Full Code with Comments
Below is the complete script with comments explaining each step:
#!/usr/bin/env python3.11
# -*- coding: utf-8 -*-
# Author: David Manouchehri
import asyncio # For asynchronous operations
import logging # For logging messages
import httpx # For making HTTP requests asynchronously
from openai import AsyncOpenAI # OpenAI client
import random # For generating random numbers
import os # For accessing environment variables
import json # For handling JSON data
import numpy as np # For numerical operations
# Set up logging
logger = logging.getLogger(__name__)
logger.setLevel(logging.DEBUG)
c_handler = logging.StreamHandler()
logger.addHandler(c_handler)
# Get OpenAI API credentials
OPENAI_API_KEY = os.getenv("OPENAI_API_KEY")
OPENAI_API_BASE = os.getenv("OPENAI_API_BASE") or "https://api.openai.com/v1"
# Initialize OpenAI client
client = AsyncOpenAI(
api_key=OPENAI_API_KEY,
base_url=OPENAI_API_BASE,
http_client=httpx.AsyncClient(
http2=True,
limits=httpx.Limits(
max_connections=None,
max_keepalive_connections=None,
keepalive_expiry=None,
),
),
max_retries=0,
timeout=3600,
)
# Main asynchronous function
async def main():
# List of statements to fact-check
statements_to_check = [
"SEZC means Special Economic Zone Company.",
"SEZC means Special Economic Zone Corporation.",
]
# Iterate over each statement
for statement_to_check in statements_to_check:
logger.debug(f"--------")
logger.debug(f"Checking statement: {statement_to_check}")
# Fact-check using the large model
response_text = await client.chat.completions.create(
model="gpt-4o-2024-08-06",
max_tokens=8192,
seed=random.randint(1, 0x7FFFFFFF),
messages=[
{
"role": "system",
"content": "Fact check the user's message.",
},
{
"role": "user",
"content": statement_to_check,
},
],
temperature=0.0,
)
# Extract the assistant's response
text_answer = response_text.choices[0].message.content
logger.debug(text_answer)
# Convert the response to JSON using the smaller model
response_json = await client.chat.completions.create(
response_format={"type": "json_object"},
model="gpt-4o-mini-2024-07-18",
max_tokens=20,
logprobs=True,
stop=[
"rue",
"alse",
"}",
],
seed=random.randint(1, 0x7FFFFFFF),
messages=[
{
"role": "user",
"content": f"Fact check this statement:\n\n```{statement_to_check}```",
},
{
"role": "assistant",
"content": text_answer,
},
{
"role": "user",
"content": 'Convert your answer into a JSON object that follows {"fact": boolean}',
},
],
temperature=0.0,
)
# Ensure response includes log probabilities
if response_json.choices[0].logprobs is None:
raise ValueError("No logprobs in response")

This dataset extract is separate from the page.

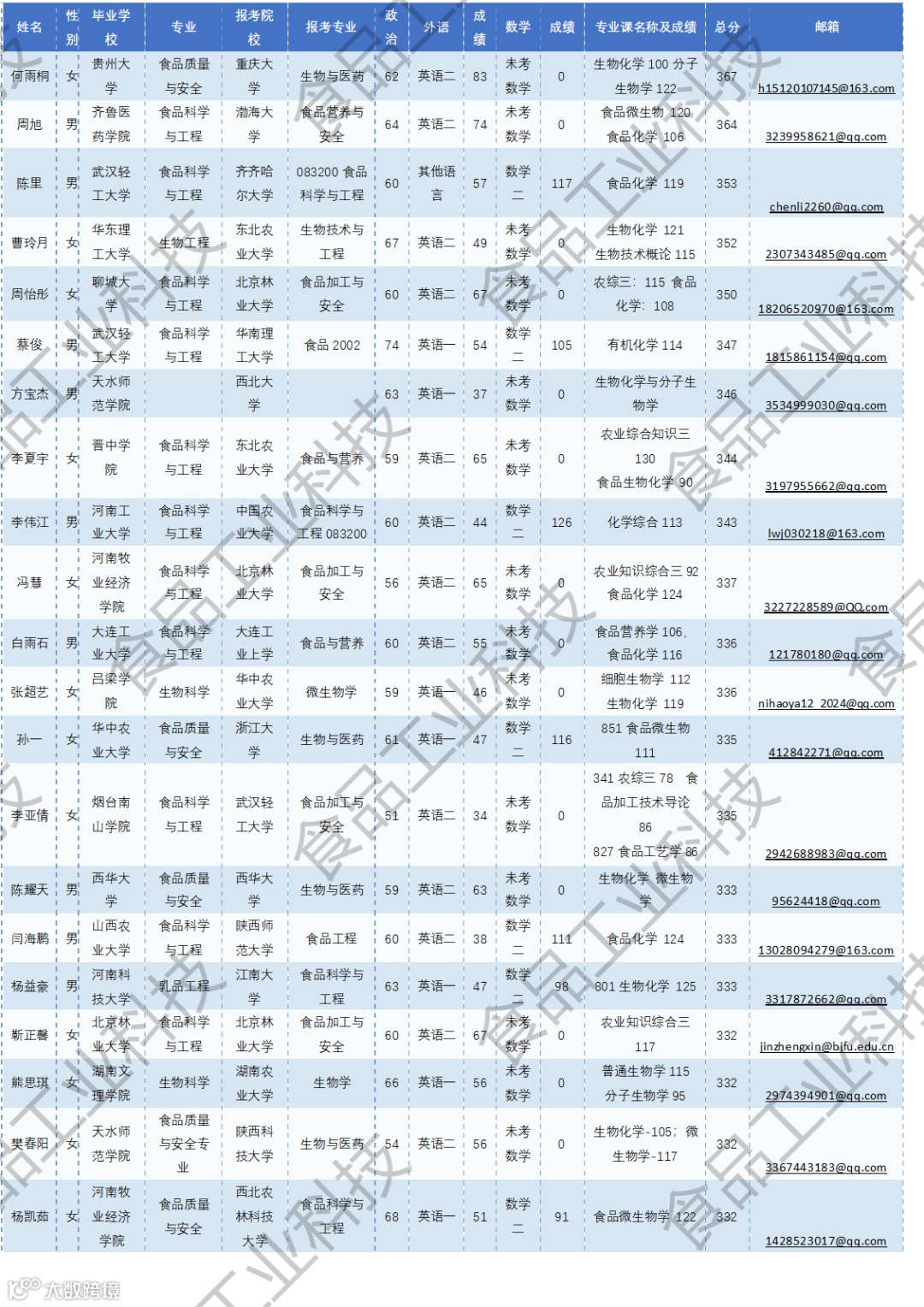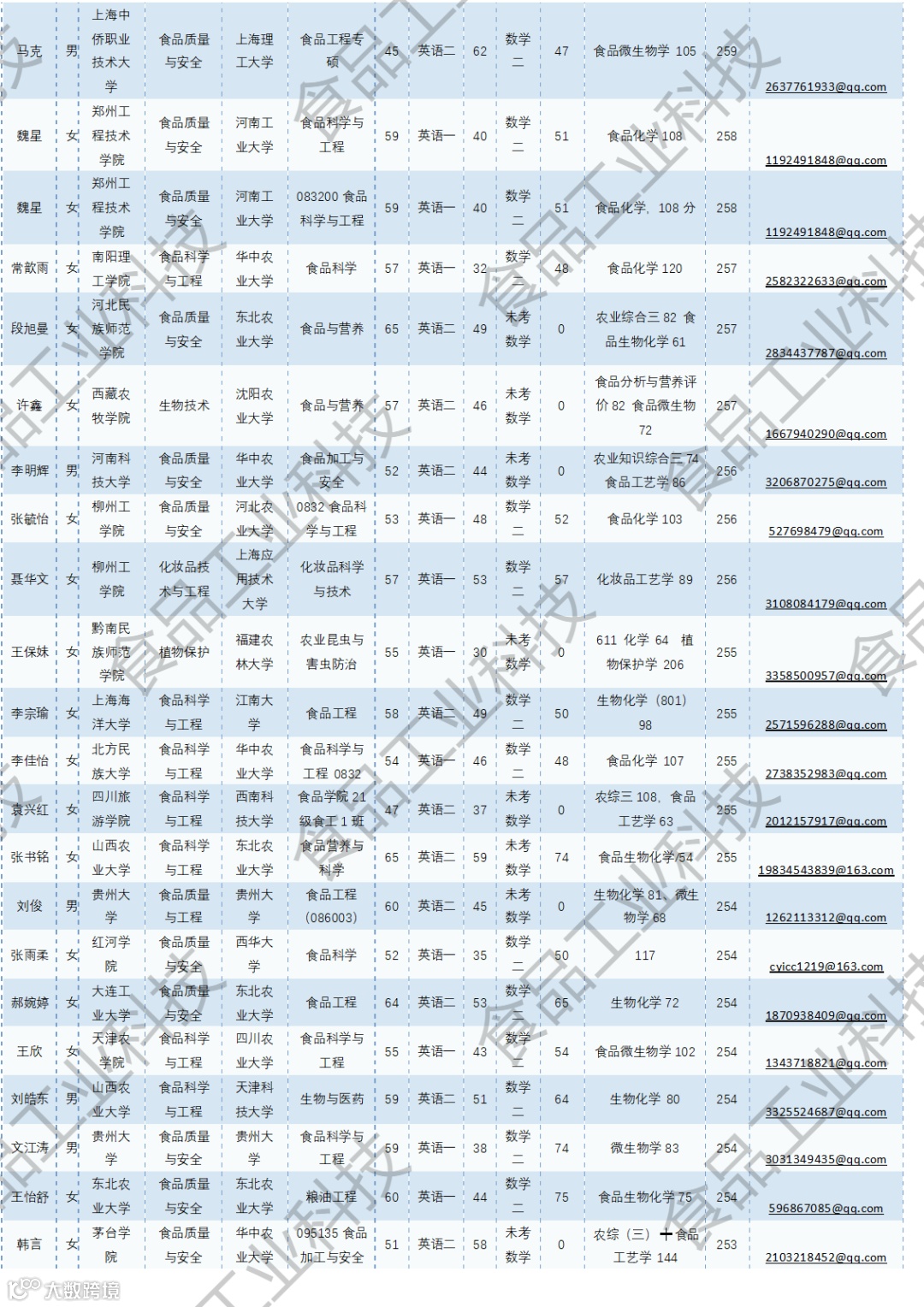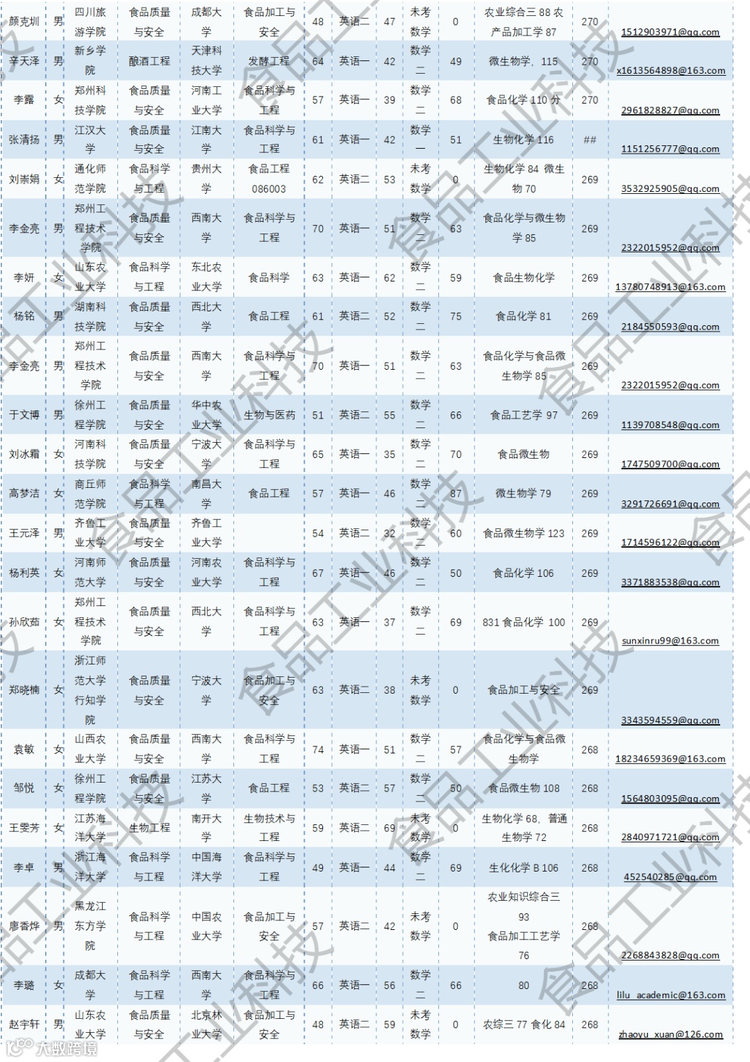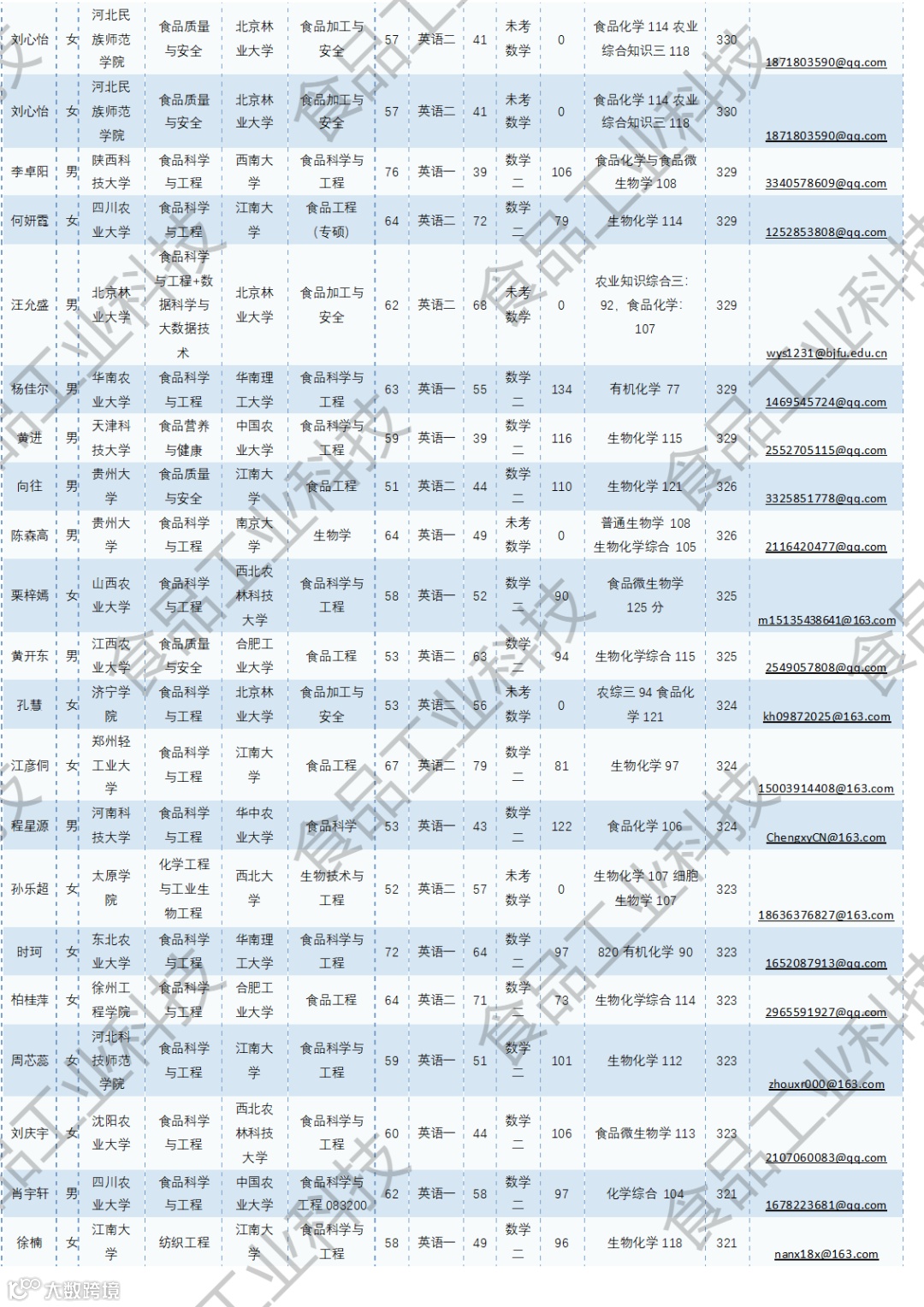 《食品工业科技》公益助力学生研招,图片显示度不佳,点击文末“阅读原文”或登录《食品工业科技》官网www.spgykj.com-考研调剂版块下载Excel版学生信息。图中隐去了学生的部分信息及电话,如有需要,请联系我们:

# Extract the last token's log probability
last_logprob_content = response_json.choices[0].logprobs.content[-1]
last_logprob_token = last_logprob_content.token
last_logprob_float = last_logprob_content.logprob
last_logprob_percentage = np.exp(last_logprob_float)
# Determine if the statement is a fact
if "t" in last_logprob_token.lower():
is_fact = True
elif "f" in last_logprob_token.lower():
is_fact = False
else:
raise ValueError("Invalid token")
# Create result object
result_obj = {
"fact": is_fact,
"logprob": last_logprob_float,
"percentage": last_logprob_percentage,
}
# Log the result
logger.debug(json.dumps(result_obj, indent=2))
# Minify the JSON string
thin_json_str = json.dumps(result_obj, separators=(",", ":"))
logger.debug(f"Thin JSON: {repr(thin_json_str)}")
# Execute the main function
if __name__ == "__main__":
asyncio.run(main())
Conclusion
By chaining the responses from a larger model into a smaller one, we can optimize both the cost and efficiency of our applications. The larger model handles complex tasks like fact-checking, while the smaller model takes care of formatting and conversion tasks.
Key Takeaways:
- Resource Optimization: Use powerful models only when necessary.
- Cost Efficiency: Leverage smaller models for simpler tasks.
- Structured Outputs: Convert complex responses into structured data formats like JSON.